**Task statement:**
Exactly as they appear below, repeat the lines from the one with "The gun bag" through the one with "Ο 5ος αγώνας". Drop every picture.
[[ Information shown, beginning ]]
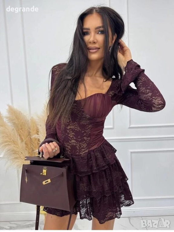 Дантелена дамска рокля налична в Бордо Черно и Бяло → Обява 52622302
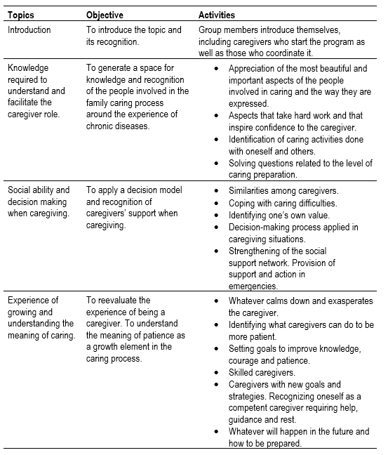 The intervention consisted of the application of a four-topic workshop aimed at improving the family caregiver ability on knowledge, courage and patience, using a booklet designed by the Universidad Nacional de Colombia (13. This workshop was individually applied to each patient in a window of 3 hours at the hospital and was led by a nurse of the research team accompanied by a final year student of the nursing degree. The topics, objectives and activities are described in Table 1. Training related to the chronic pathology was provided to the control group, using educational support material designed by the research team. All participants of the control group were offered to have an intervention after the post-intervention surveys had been applied.
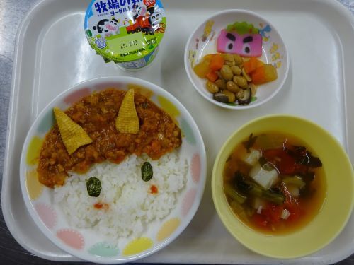 今年の節分メニューは鬼さんカレー・大豆の五目煮・トマト野菜スープ・ヨーグルトでした!調理員さんは鬼の顔を作るのに大忙しでしたが、可愛らしい優しい顔の鬼さんが出来上がりました♡子どもたちにも喜んでもらえたので大成功です!!
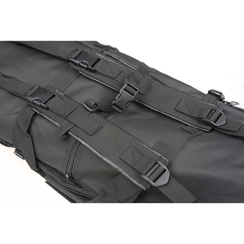 The gun bag is made of nylon. Thanks to the application of the additional sleeve the cover will without any problem hold a gun that is up to 1300mm long. Inside of the main chamber there are two additional gun mounting bands. Inside the front 620x260mm big pocket we will fit a machinegun. The gun mounting bands are also located in it.
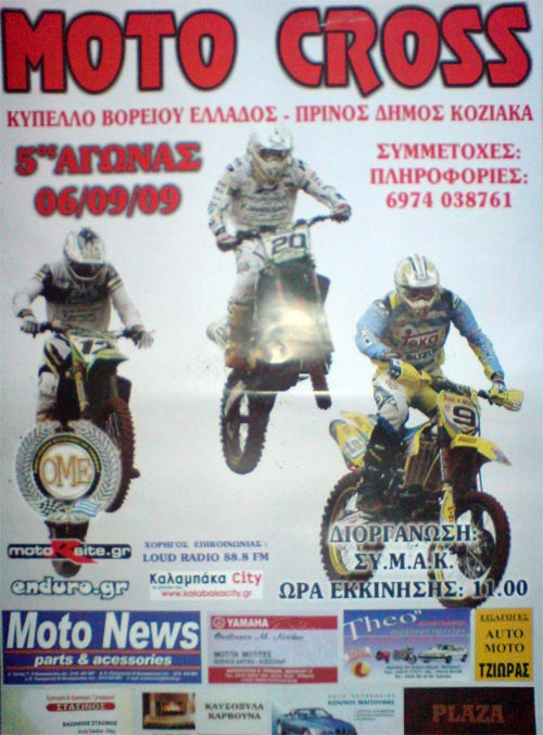 Ο 5ος αγώνας Moto Cross θα πραγματοποιηθεί την Κυριακή 6 Σεπτεμβρίου στο Πρίνος του Δήμου Κόζιακα από τον Σύλλογο Μοτοσικλετιστών Αγώνων Κόζιακα. Στον αγώνα θα τρέξει ο συμπολίτης μας Κώστας Τζιώρας. Ώρα εκκίνησης του αγώνα στις 11 το πρωί και όσοι μπορείτε ας παρευρεθείτε στην πίστα του Πρίνους για ένα μοναδικό θέαμα.
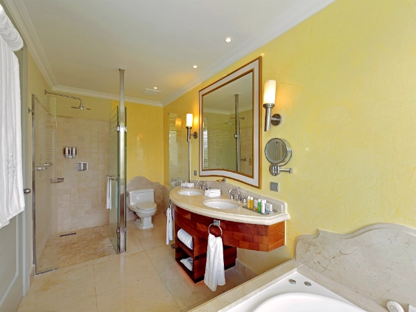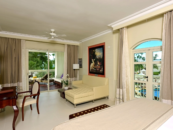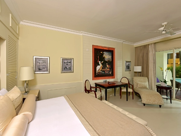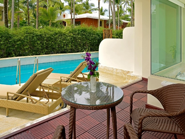 Terrace with direct pool access, AC and ceiling fan, TV, Telephone, Alarm clock, In-room safe, Iron, Mini-bar, Coffee maker, Unlimited purified water, Pillow menu, Access to the Spa Hydrotherapy area, In-room Butler Service.
[[ Information shown, end ]]
**Solution for this problem:**
 The gun bag is made of nylon. Thanks to the application of the additional sleeve the cover will without any problem hold a gun that is up to 1300mm long. Inside of the main chamber there are two additional gun mounting bands. Inside the front 620x260mm big pocket we will fit a machinegun. The gun mounting bands are also located in it.
 Ο 5ος αγώνας Moto Cross θα πραγματοποιηθεί την Κυριακή 6 Σεπτεμβρίου στο Πρίνος του Δήμου Κόζιακα από τον Σύλλογο Μοτοσικλετιστών Αγώνων Κόζιακα. Στον αγώνα θα τρέξει ο συμπολίτης μας Κώστας Τζιώρας. Ώρα εκκίνησης του αγώνα στις 11 το πρωί και όσοι μπορείτε ας παρευρεθείτε στην πίστα του Πρίνους για ένα μοναδικό θέαμα.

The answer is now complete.